QLoRA is a recently developed finetuning approach that uses quantization to make LoRA even more memory-efficient, enabling you to fine-tune very large models on modest hardware.
Distributed Training
Distributed training helps when training a model on a single GPU is too slow or the model’s weights don’t fit into a single GPU. Having multiple GPUs deal with their own fraction of the training state and data helps maximize throughput, the amount of samples we can process per time unit. There are a couple frameworks readily available to help parallelize computation across multiple GPUs:
A. DeepSpeed
DeepSpeed is an open-source library that implements ZeRO, a new method to optimize memory usage during training. ZeRO significantly improves training speed and allows for larger models to be trained efficiently by partitioning input data across processes while getting rid of memory redundancies that are present in traditional data- and model-parallel training methods.
In their tests, ZeRO was able to train models with over 100 billion parameters using 400 GPUs, achieving a throughput of 15 Petaflops (a measure of computing speed).

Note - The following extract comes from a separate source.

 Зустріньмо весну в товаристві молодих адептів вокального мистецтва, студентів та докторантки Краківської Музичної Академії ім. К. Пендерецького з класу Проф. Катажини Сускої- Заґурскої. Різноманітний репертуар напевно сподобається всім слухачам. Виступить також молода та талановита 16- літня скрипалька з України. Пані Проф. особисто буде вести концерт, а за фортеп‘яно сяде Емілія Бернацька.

The benefits of ZeRO/DeepSpeed are that it simplifies the training process. For instance, it can train models with up to 13 billion parameters without the need for model parallelism. This is beneficial because model parallelism can be complex and harder for researchers to implement.
B. Fully Sharded Data Parallelism (FSDP)
FSDP helps speed up training with fewer GPUs by partitioning a model’s parameters into shards across multiple GPUs.

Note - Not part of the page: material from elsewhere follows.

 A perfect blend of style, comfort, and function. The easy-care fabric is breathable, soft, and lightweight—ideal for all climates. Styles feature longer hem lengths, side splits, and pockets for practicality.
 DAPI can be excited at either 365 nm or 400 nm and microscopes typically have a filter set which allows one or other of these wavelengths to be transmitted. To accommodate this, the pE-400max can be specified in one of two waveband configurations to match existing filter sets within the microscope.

For example, if a model has 1 billion parameters and you have 4 GPUs, each GPU could hold 250 million parameters. With FSDP, these parameters could be updated in parallel, and only the necessary parameters for a given forward or backward pass need to be loaded onto each GPU, reducing the overall memory footprint.
FSDP is a relatively simple and easy way to get started with distributed training. It is recommended to use FSDP if you are new to distributed parallel training, and only to use DeepSpeed if you know you will need cutting edge features that are not available with FSDP.
Modal’s llm-finetuning guide implements training with LoRA and Deepspeed, and is configurable with many other SOTA techniques.
C. accelerate
accelerate
simplifies the process of running models on multiple GPUs or CPUs,
without requiring a deep understanding of distributed computing principles.
Conclusion
Fine-tuning an LLM allows you to customize existing general-purpose models for your specific use case.
To make your LLM fine-tuning job more efficient, consider leveraging techniques like LoRA or model sharding (using frameworks like Deepspeed). Modal’s fine-tuning template implements many of these techniques out of the box, allowing you to quickly spin up distributed training jobs in the cloud.
By fine-tuning an open-source model like Llama 2 or Mistral on Modal, you can obtain a customized model that excels at your particular use case, at a fraction of the cost and latency of off-the-shelf API services.